As surging patient numbers stretched the health services in many developed countries, Africa’s healthcare capacity for dealing with the pandemic could be quickly overwhelmed.
This knowledge helped drive many African countries to act quickly and put full or partial lockdowns in place to slow the spread of the virus. While these moves helped control the virus, they have sparked unprecedented economic disruption.
“Right now under prediction is a contraction on the continent of about 2%.
This has not happened for the past 25 years. So I have this fear that the two or three decades of growth and development may be lost,” Okonjo-Iweala explains.
A high proportion of Africa’s workforce operates in the informal economy – more than 70% in some urban areas – earning enough to live day by day.
Being unable to work due to lockdown restrictions leaves many of these people without money to feed their families.
Ngozi Okonjo-Iweala is chair of the board of Gavi, the global alliance for vaccines.
“On the continent there has been this saying that the hunger virus might kill people before coronavirus.

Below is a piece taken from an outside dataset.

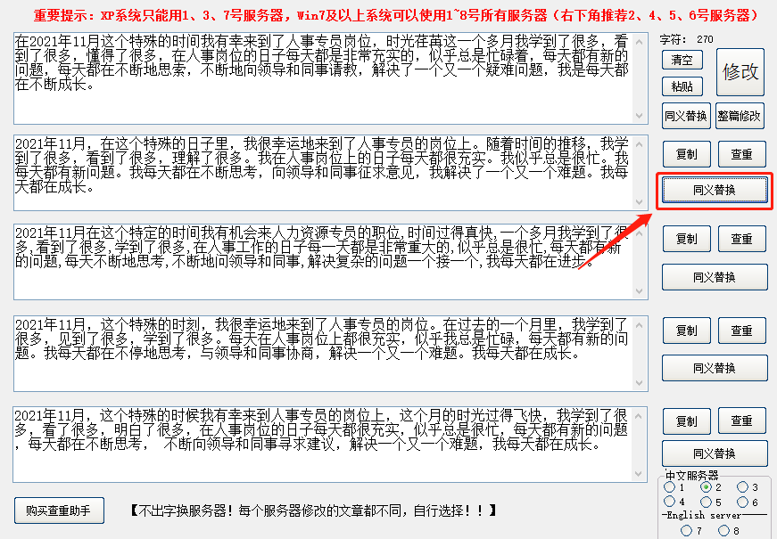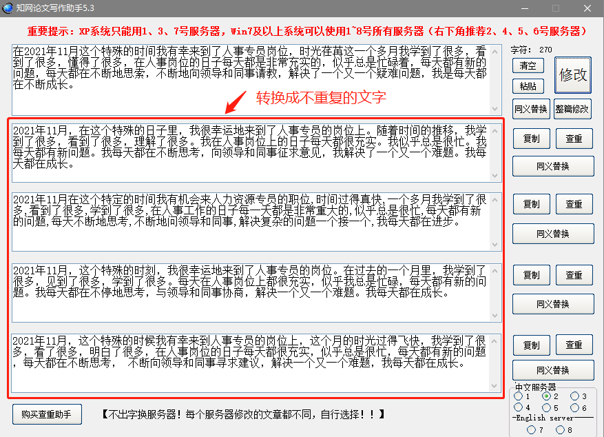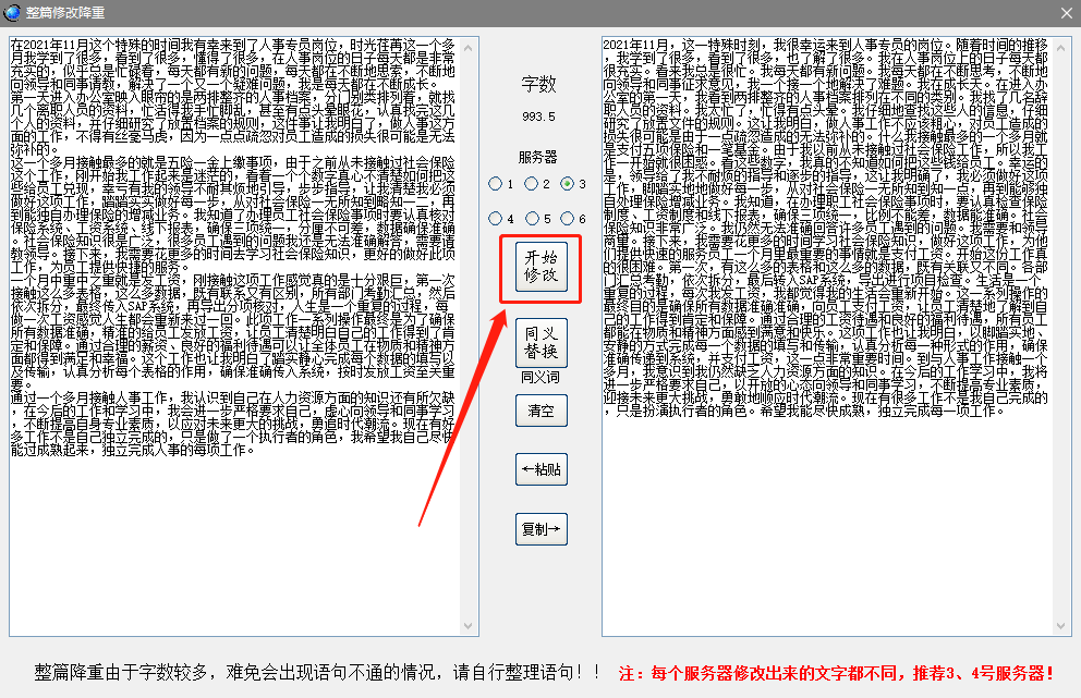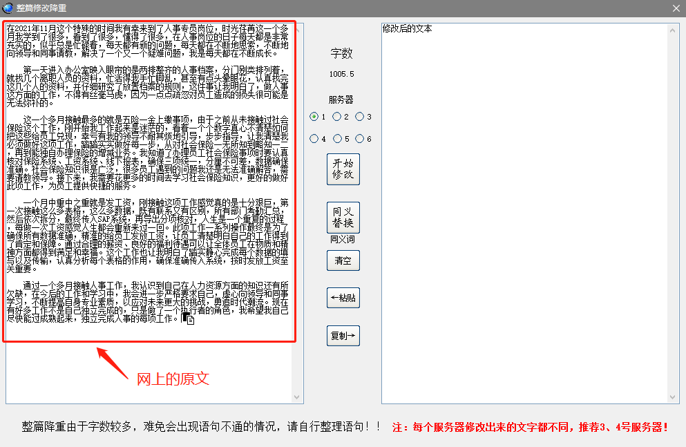 然后就是见证奇迹的时刻,软件会自动将上面的原文,转换成不重复的文章,这个真的太厉害了!

So you have to think of the economic consequences right away, as well as the health consequences. And it has not been easy balancing the two,” she says.
Asked what keeps her awake at night…
“Although the number of COVID-19 cases in Africa is quite low compared to other regions, the true extent of the pandemic’s impact remains unclear,” she says. “If case numbers keep doubling as they have been, troubling times lay ahead.”
Education could also be at risk, widening equality and opportunity gaps. “With schools closed, education could become another casualty of the pandemic as many African children don’t have internet access to facilitate online learning.”
And while lockdowns can control the virus, they present their own safety issues. “With children unable to learn, confined to home with their families, gender violence rates are increasing in many parts of the world.”